I make the picture of this last pose she offers me. Frustrated, I can only read the clues she has left and reconstruct how she spent the day of her solitary death.

She knew to say to me, in her way:

how exalted she was, to meet me by chance and far away, 6 km from home;

how she rejoiced, that we formed together a strong team of grasshopper hunters;

how delighted she was, to show me where to find the entrance of the crickets tunnel and dig them out with my knife. Alone she was quite proficient, but she largely preferred the teamwork.

How she wanted, to pass time together: just sit on my knee.

How she loved to be cuddled, at the right moment.

 

She knew how to manipulate me, to make me discover her wishes and whimsical exigencies.

And more remarkable: Lino taught me to appreciate the pleasure of fulfilling them with feelings of tenderness!

This friendship with Lino wasn’t a simple exercise, more a complex drill of learning loving rituals and the rituals of love.

What derailment her death provokes!

 

In response to my devotion & diligence, she gives me her friendship. I have to share her with two others, crows.

It is the most amazing and privileged friendship of my life.
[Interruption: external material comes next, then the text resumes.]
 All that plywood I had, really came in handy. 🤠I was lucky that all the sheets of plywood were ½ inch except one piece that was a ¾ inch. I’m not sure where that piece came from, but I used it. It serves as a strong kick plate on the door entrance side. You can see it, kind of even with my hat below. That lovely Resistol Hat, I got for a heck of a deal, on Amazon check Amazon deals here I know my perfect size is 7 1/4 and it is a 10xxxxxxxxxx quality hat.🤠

We did not suffer a lot from the  communication abyss between man and beast.

 

Laetitia had reason to be jealous, because between Lino and me existed emotions and comprehensions that were inaccessible to her.

 

Despite Lino’s period of absence for four months in 2005 and many  other months of rather fleeting contact, this friendship would immediately resume, right  after the comma where it was interrupted.

The ultimate recognition of trust implied in this special friendship, the most sincere compliment that Lino could give me, was to pass the last month of her life at our house. Her house, her home.

 

During this period, she shows her gratitude through indulgence and an accommodative mood never shown before.

We relive rituals of her childhood: In the morning,when I am descending the stairs, upon seeing me, she crouches, spreads and wavers her wings, pointing her nose and head upward.

–Young crows use this gesture to request food from their parents, and adults, to beg a favor from their partner —

Another childhood gesture that expresses her love and dependence: to search for and swallow my index finger to the hilt. She had not shown this to me for years.

Twice, she shows me she wants us to listen to music.

I put on Gurdijeff for piano and cello transcribed & interpreted by Strabopoulos and Lechner, her favorite music. She gives me the idea, that she cherishes these memories &  savours the moments of snugness in being together.

 

Laetitia and I are inconsolable. The dogs are there, fortunately, to lick our tears.

 

Her two crow friends have understood: Sunday, May 17, 48 hours after the death of Lino, they flew around the house for three hours. They called constantly with plaintive cries. I respond each call, sad and grey, until my voice is broken.

Before leaving, they present me with a gift, to cheer me up: a short demonstration of aerial acrobatics with cries of craziness and excitement, loop-the-loops en spins.  A last salute?

A short replay of their astonishing, head razing, 20 minutes, show from last April, that time in the company of Lino.

 

We adopted Lino as a baby, fallen from its nest, abandoned &  menaced by a cat. For the seventh year of her life, she had already grown in her tail, four new, jet black, feathers, iridescent like a scarab’s belly.

 

The life expectancy of a crow is 70 years.